This article presents a protocol for producing murine CD19 CAR T cells through retroviral transduction. It explores their application as a therapy against established syngeneic A20 B-cell lymphoma in BALB/c mice, with or without lymphodepleting pre-conditioning.

Key Study Components

Area of Science

  • Immunotherapy
  • Oncology
  • Cellular Biology

Background

  • CAR T-cell therapy is a promising approach in cancer treatment.
  • Understanding the interaction between CAR T-cells and endogenous immune cells is crucial.
  • The study focuses on comparing lympho-replete and lympho-depleted settings.
  • Insights gained may be applicable to solid tumors and other therapeutic targets.

Purpose of Study

  • To develop a protocol for generating CD19 CAR T cells.
  • To evaluate the efficacy of these cells in treating lymphoma.
  • To investigate the role of the immune environment in therapy outcomes.

Methods Used

  • Preparation of media and cells as per the outlined protocol.
  • Seeding of platinum E-Cells in culture dishes.
  • Incubation of cells under controlled conditions.
  • Assessment of CAR T-cell functionality in different immune settings.

Main Results

  • Successful production of murine CD19 CAR T cells.
  • Demonstrated differences in therapeutic efficacy based on immune conditioning.
  • Insights into the role of endogenous immune cells in therapy response.
  • Potential implications for broader applications in oncology.

Conclusions

  • The protocol provides a valuable tool for CAR T-cell research.
  • Findings contribute to understanding CAR T-cell interactions in vivo.
  • Future studies may expand on these findings to improve cancer therapies.

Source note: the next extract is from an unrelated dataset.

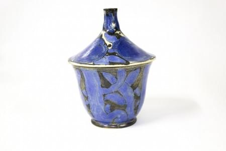 Pot couvert, céramique émaillée beige, bleu et noir, signé, H 19...

Frequently Asked Questions

What is CAR T-cell therapy?
CAR T-cell therapy involves modifying a patient's T cells to better recognize and attack cancer cells.
How does lymphodepletion affect CAR T-cell therapy?
Lymphodepletion can enhance the efficacy of CAR T-cells by reducing competition from endogenous immune cells.
What are the implications of this study?
The study's findings may inform future CAR T-cell therapies and their application in treating solid tumors.
What model organism is used in this research?
BALB/c mice are used as the model organism for testing the CAR T-cell therapy.
What is the significance of using syngeneic A20 B-cell lymphoma?
Using syngeneic A20 B-cell lymphoma allows for a more accurate assessment of the immune response to the therapy.
What are the next steps for this research?
Future research may focus on optimizing CAR T-cell designs and exploring their use against other cancer types.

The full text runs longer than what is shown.